*** Supplied material ***
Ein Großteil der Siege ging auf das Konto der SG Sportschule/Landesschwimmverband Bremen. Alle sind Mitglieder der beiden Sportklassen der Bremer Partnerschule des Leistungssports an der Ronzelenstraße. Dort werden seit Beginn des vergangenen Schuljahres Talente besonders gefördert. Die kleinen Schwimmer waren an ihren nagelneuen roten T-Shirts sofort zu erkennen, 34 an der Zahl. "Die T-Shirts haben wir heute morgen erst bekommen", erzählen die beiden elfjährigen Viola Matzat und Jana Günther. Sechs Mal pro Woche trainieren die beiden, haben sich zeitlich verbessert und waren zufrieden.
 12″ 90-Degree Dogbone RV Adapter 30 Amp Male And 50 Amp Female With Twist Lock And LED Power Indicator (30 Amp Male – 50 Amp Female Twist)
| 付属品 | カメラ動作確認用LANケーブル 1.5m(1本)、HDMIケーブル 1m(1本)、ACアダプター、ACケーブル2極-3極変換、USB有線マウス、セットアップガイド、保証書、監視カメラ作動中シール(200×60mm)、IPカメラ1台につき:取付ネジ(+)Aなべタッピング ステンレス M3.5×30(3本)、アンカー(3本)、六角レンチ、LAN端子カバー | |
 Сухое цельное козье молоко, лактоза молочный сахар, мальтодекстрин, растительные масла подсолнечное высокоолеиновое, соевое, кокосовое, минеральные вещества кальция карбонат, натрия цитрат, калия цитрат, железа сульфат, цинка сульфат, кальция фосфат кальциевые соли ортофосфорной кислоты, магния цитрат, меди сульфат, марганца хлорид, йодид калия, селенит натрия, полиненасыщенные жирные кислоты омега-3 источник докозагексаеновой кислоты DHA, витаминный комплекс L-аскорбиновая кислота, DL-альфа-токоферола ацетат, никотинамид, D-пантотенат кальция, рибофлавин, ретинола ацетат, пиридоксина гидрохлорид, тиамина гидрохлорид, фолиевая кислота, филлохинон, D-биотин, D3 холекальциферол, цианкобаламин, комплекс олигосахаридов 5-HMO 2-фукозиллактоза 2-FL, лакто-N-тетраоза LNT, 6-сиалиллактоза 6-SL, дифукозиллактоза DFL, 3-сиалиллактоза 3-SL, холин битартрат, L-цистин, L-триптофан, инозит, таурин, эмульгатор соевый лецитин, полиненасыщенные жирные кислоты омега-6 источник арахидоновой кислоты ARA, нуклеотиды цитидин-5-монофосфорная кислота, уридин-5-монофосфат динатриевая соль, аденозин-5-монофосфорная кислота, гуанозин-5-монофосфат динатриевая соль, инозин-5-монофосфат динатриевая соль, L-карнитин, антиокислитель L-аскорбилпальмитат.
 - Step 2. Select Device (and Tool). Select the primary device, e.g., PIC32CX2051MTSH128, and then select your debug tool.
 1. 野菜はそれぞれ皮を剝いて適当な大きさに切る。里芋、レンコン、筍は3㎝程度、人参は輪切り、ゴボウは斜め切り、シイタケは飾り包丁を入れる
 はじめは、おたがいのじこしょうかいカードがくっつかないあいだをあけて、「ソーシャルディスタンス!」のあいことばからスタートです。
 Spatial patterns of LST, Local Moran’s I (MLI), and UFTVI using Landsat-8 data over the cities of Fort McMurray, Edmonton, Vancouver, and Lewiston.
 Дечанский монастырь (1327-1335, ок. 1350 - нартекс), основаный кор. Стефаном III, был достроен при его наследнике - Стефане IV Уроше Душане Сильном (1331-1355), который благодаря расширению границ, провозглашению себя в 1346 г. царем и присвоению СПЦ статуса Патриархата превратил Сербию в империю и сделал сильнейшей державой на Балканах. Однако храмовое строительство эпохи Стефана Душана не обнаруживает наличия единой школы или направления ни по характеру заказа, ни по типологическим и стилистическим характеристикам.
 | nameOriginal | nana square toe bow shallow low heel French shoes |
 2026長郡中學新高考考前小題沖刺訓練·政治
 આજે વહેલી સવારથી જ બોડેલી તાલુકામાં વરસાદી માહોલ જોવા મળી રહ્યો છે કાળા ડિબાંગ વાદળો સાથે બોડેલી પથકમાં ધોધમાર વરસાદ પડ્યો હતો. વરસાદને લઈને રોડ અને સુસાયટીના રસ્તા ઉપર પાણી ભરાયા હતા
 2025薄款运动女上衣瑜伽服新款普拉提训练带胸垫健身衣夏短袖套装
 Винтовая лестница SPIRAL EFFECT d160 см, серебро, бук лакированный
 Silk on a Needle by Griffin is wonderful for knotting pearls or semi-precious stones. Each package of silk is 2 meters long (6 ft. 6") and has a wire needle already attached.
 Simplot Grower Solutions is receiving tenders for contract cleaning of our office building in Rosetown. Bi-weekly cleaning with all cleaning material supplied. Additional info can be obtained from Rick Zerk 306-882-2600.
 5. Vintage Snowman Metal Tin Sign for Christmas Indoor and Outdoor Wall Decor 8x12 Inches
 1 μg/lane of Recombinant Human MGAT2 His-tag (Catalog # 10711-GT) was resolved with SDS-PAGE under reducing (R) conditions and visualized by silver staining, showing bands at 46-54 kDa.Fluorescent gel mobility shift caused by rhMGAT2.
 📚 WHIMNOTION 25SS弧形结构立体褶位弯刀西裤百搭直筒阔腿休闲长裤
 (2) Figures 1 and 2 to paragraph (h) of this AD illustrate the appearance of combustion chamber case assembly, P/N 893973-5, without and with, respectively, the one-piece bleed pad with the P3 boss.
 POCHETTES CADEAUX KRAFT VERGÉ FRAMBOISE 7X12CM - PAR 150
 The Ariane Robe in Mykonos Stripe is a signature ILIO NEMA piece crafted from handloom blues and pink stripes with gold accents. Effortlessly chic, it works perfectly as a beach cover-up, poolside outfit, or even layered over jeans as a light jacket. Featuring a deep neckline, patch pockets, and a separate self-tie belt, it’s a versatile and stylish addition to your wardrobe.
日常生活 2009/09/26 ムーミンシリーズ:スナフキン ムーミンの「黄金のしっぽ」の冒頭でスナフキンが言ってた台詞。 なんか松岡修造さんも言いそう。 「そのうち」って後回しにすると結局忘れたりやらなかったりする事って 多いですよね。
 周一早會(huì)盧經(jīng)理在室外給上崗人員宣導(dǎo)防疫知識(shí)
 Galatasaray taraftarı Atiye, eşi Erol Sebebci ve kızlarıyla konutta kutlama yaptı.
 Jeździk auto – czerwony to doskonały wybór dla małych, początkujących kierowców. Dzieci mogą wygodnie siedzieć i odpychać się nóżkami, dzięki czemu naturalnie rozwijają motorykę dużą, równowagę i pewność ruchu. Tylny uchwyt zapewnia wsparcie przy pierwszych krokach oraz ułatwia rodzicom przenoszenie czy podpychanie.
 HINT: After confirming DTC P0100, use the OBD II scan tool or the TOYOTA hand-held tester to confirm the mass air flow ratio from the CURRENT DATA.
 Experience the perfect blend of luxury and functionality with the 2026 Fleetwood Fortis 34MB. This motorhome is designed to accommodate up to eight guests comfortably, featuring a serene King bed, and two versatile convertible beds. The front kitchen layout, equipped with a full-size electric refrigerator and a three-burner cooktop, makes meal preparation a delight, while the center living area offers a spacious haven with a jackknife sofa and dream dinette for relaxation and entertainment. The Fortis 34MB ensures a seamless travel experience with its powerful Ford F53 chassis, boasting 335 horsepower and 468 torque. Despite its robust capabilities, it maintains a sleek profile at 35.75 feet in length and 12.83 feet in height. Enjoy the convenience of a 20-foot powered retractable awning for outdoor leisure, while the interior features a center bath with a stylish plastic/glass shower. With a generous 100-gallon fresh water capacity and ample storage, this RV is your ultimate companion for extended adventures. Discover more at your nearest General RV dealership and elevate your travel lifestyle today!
*** End of Supplied material ***
• What to work on
Within the records above, count the lines that hold the word "from" and give only that number.

• Output below
3